A client of ours had been thinking of investing in real estate, as thousands of others currently are, yet hadn't yet bought that first property. Why? According to him, there are three valid reasons.
First, he was waiting to get another financial situation resolved, specifically he was arguing with his bank about the status of a property he co-owned with his daughter. His daughter lived in the property now but had previously owned it as a rental. The client had bought the property with his daughter to help her get started in real estate investing but had since moved into the property when their old tenant left. The problem?

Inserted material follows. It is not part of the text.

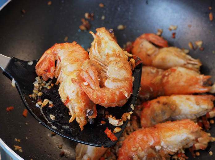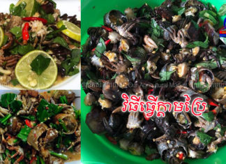 ៣.បន្ទាប់មកដាក់បង្កងដែលបំពងហើយចូលឆាច្របល់ចូលគ្នាអោយសព្វ រួចដាក់ស្លឹកខ្ទឹមហាន់ចូលឆាច្របល់ចូលគ្នាទៀត ហើយដួសដាក់ចានជាការស្រេច៕ ចុចមើលវីដេអូពីវិធីធ្វើនៅខាងក្រោម៖

The lender wanted to identify the property as an investment property even though the daughter was living in it. The interest rate on the mortgage note was 6.00 percent and a 15 year fixed rate was 3.25 percent for an investment property, but 3.00 percent for an owner-occupied home.
The back-and-forth had been going on for a couple of months yet the owner was holding his ground.
While holding ground is a prudent action, what if rates suddenly went back up to say, 4.00 percent? Or 5.00 percent? Can someone say six? It wasn't just a few years back that 6.00 percent was the going rate, is it impossible for rates คอนโด กรุงเทพ to float back up to that range? Of course not.
Yet our client wasn't going to budge.
The problem with inaction is that it hinders opportunity. Interest rates, along with loan principal, are the key ingredient when determining cash flow on an investment unit. If rates rise too high, suddenly all the "great bargains" out there simply become stale listings.
It's important to analyze each financial transaction and to regularly review a portfolio. But thinking too hard, or "over-analyzing" a potential deal is enough to kill a deal before it ever gets out of the gate.